I would like the records restated word for word, without the pictures.

• [AVAILABLE DATA]:
/---

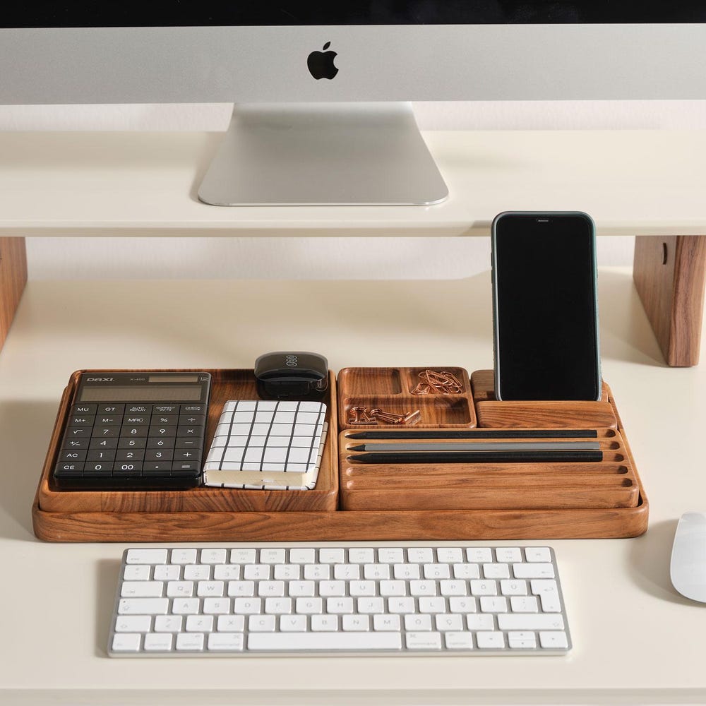 Wooden Note Tray, Cathch All Tray, Minimalist Desk Organizer for Modern Offices, Unique Handmade Gift for Workspace Storage & Decor, Gift
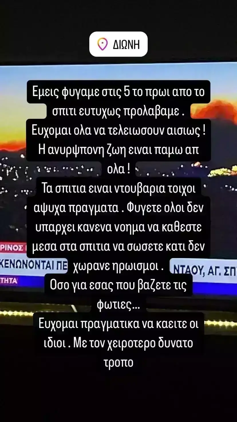 «Εμείς φύγαμε στις 5 το πρωί από το σπίτι. Ευτυχώς προλάβαμε. Εύχομαι όλα να τελειώσουν αισίως. Η ανθρώπινη ζωή είναι πάνω από όλα.
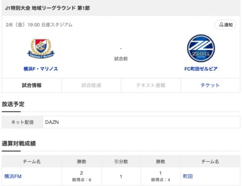 2月6日(金)19時から行われるのは、横浜Fマリノス対町田ゼルビア。
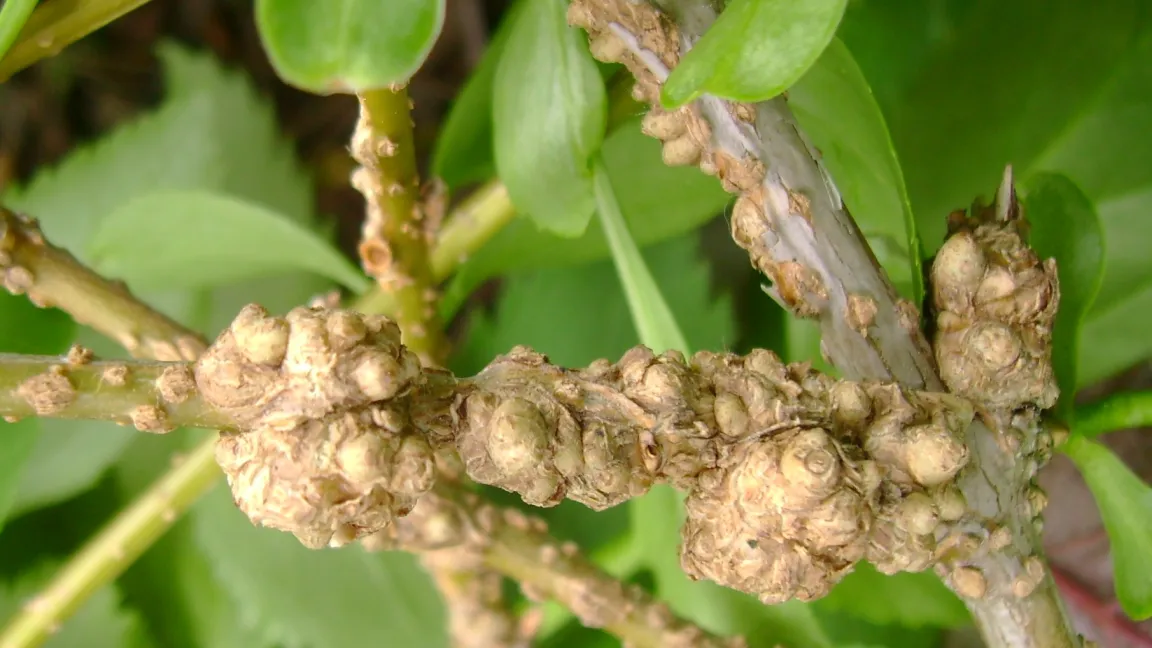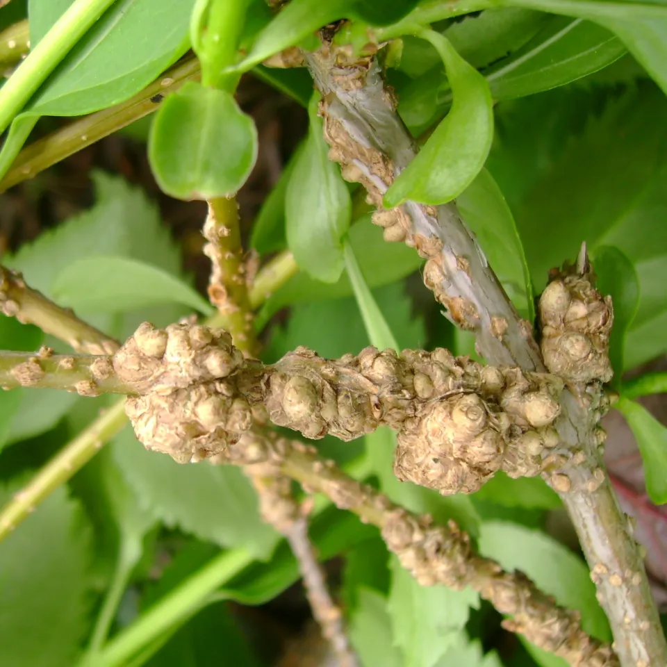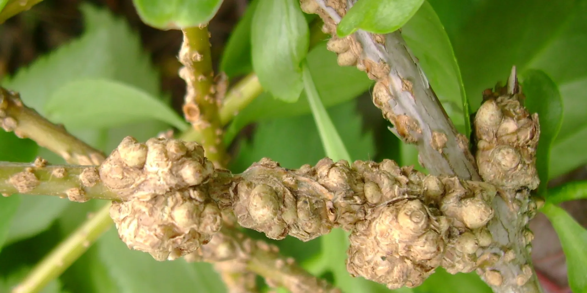 An den Zweigen treten stark zerklüftete, verholzte, mehrere Zentimeter große Wucherungen auf. Oft sehen sie aus wie ein Knäuel von Wurzelansätzen. Ist der Befall stark, fallen Laubaustrieb und Blütenbildung bescheiden aus. Teilweise sterben die Zweige sogar oberhalb der Befallsstellen ab. Gehölze an sehr schattigen Standorten und solche, die mangels Schnitt sehr dicht sind, zeigen verstärkt Zweiggallen. Erhöhte Infektionsgefahr besteht auch an Standorten mit hoher Luftfeuchte und bei bodennahen Trieben. Verursacher sind der Erreger Corynebacterium fascians und nach Angaben aus den USA auch Agrobacterium tumefaciens.
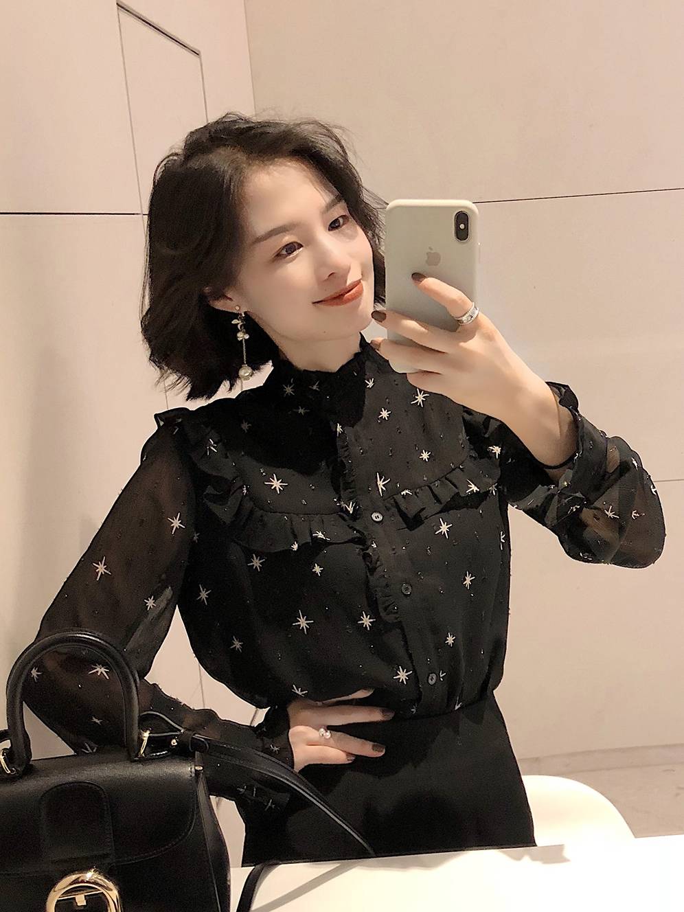雪纺连衣裙女秋装2018新款黑色星星印花裙长袖衬衫裙子L317

\---

• [ANSWER BELOW]:
 Wooden Note Tray, Cathch All Tray, Minimalist Desk Organizer for Modern Offices, Unique Handmade Gift for Workspace Storage & Decor, Gift
 «Εμείς φύγαμε στις 5 το πρωί από το σπίτι. Ευτυχώς προλάβαμε. Εύχομαι όλα να τελειώσουν αισίως. Η ανθρώπινη ζωή είναι πάνω από όλα.
 2月6日(金)19時から行われるのは、横浜Fマリノス対町田ゼルビア。
 An den Zweigen treten stark zerklüftete, verholzte, mehrere Zentimeter große Wucherungen auf. Oft sehen sie aus wie ein Knäuel von Wurzelansätzen. Ist der Befall stark, fallen Laubaustrieb und Blütenbildung bescheiden aus. Teilweise sterben die Zweige sogar oberhalb der Befallsstellen ab. Gehölze an sehr schattigen Standorten und solche, die mangels Schnitt sehr dicht sind, zeigen verstärkt Zweiggallen. Erhöhte Infektionsgefahr besteht auch an Standorten mit hoher Luftfeuchte und bei bodennahen Trieben. Verursacher sind der Erreger Corynebacterium fascians und nach Angaben aus den USA auch Agrobacterium tumefaciens.
雪纺连衣裙女秋装2018新款黑色星星印花裙长袖衬衫裙子L317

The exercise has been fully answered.